Sometimes I read books that are so extremely relatable I find myself nodding along as I read. I feel bewildered at the author’s ability to so impeccably describe the things I’ve experienced too. My most recent read – Letting Go of Leo by Simi Botic – had this effect on me. It’s essentially the story of Letting Go of an Eating Disorder.
Letting Go of Leo is Simi Botic’s personal story about what she’s experienced and learned through years of trying to be perfect. She shares stories of freaking out about food, her body, and not being perfect enough. Ultimately, Letting Go of Leo is Simi Botic’s story of how she broke up with perfection. It’s an entertaining and authentic read, full of relatable stories of trying to be what you think everyone else is expecting you to be.
With so many of the descriptions feeling so relatable to me, I ended up highlighting much of this book. Like when Botic finally decided not to diet anymore, she writes how she had to keep reminding herself 10,000 times a day that she doesn’t diet anymore, because she kept wanting to diet again, 10,000 times a day. Wow, can I relate to that! To this day I still have to remind myself that I don’t diet, because the thought of dieting pops into my head every single day.
One of the many passages I read where I wanted to high five Simi Botic for describing it so spot on was when she talks about not being able to share her food. Not wanting to share your food might sound weird for someone on a diet. Surely sharing your food would give you an excuse to eat less? Well, as Botic explains, these are our perfectly portioned meals, it’s the little bit we’ve told ourselves that we’re allowed to eat. Being in the starving state you’re in when you’re on a diet, you’re desperate for that restricted little portion of food you’ve allocated yourself. The same goes for “cheat” meals or “forbidden” foods. When you’re on a diet (or suffering from an eating disorder) you’ve likely got all these foods that you’ve decided are not allowed or that are not part of your diet. So, on the rare occasion that we loosen that restrictive band on ourselves and open up a small window of opportunity to eat something “forbidden” (even though in the moment, and after the fact, we’re beating ourselves up about it and feeling like we’ve failed), sharing is out of the question. This is our one and only chance, the only time we are allowing ourself this treat, so sharing is not an option.
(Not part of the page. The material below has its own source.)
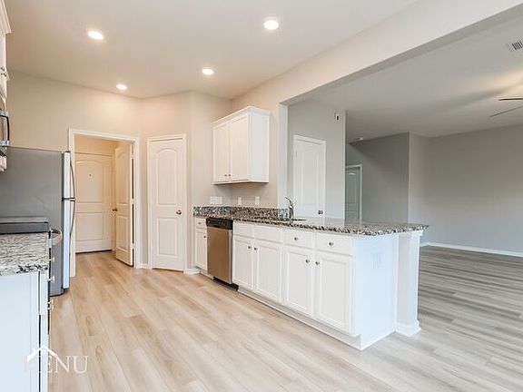This home includes luxury vinyl plank flooring, granite countertops, and stainless steel appliances. As you navigate throughout the rest of the home, you'll find a breakfast bar in the kitchen, an open-concept floor plan, and a spacious walk-in closet in the primary suite.
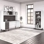 This laminate desk with bookshelf set is finished in 10 colors: Storm Gray/White, Ash Gray, White, Mocha Cherry, Fresh Walnut, Storm Gray, Hansen Cherry, Sand Oak, Platinum Gray and Maple Cross.

As I’ve talked about in previous posts, I preferred to eat alone. And I still feel most comfortable when I eat alone. Why? Because the mind chatter isn’t as deafening when I’m eating on my own. I don’t have a voice in my head screaming anxious words at me about what other people are thinking of me, what they’re thinking about how much I’m eating, and about what I’m eating (yes, I know they’re most likely not thinking about me at all).
Botic also talks about mourning the loss of dieting. This is yet another thing I can completely understand. There is definitely a mourning process in letting go of an eating disorder. It’s letting go of years and years of putting all your effort into the unattainable goal of achieving the perfect body. Years of spending every waking moment doing, thinking, reading, breathing and living that goal. It’s letting go of all those years invested, and mourning the loss of who you thought you were. In recovery, I spent hours talking to my therapist about this, about the crippling sadness and emptiness I felt about not dieting, over exercising, and running head first towards what had essentially become my life’s purpose.
What goes hand in hand with the above mourning process is figuring out what to focus that time and effort on instead. I had spent all my time writing plans, counting calories, exercising, documenting and following up on everything I’d eaten and how much I’d burned through exercising. My whole routine was focused around my dieting and exercise. Botic touches on exactly this in her book Letting Go of Leo too, how she slowly managed to replace her previous life’s mission with new activities that would make her happy.
What’s the last book you read where you felt like you could relate?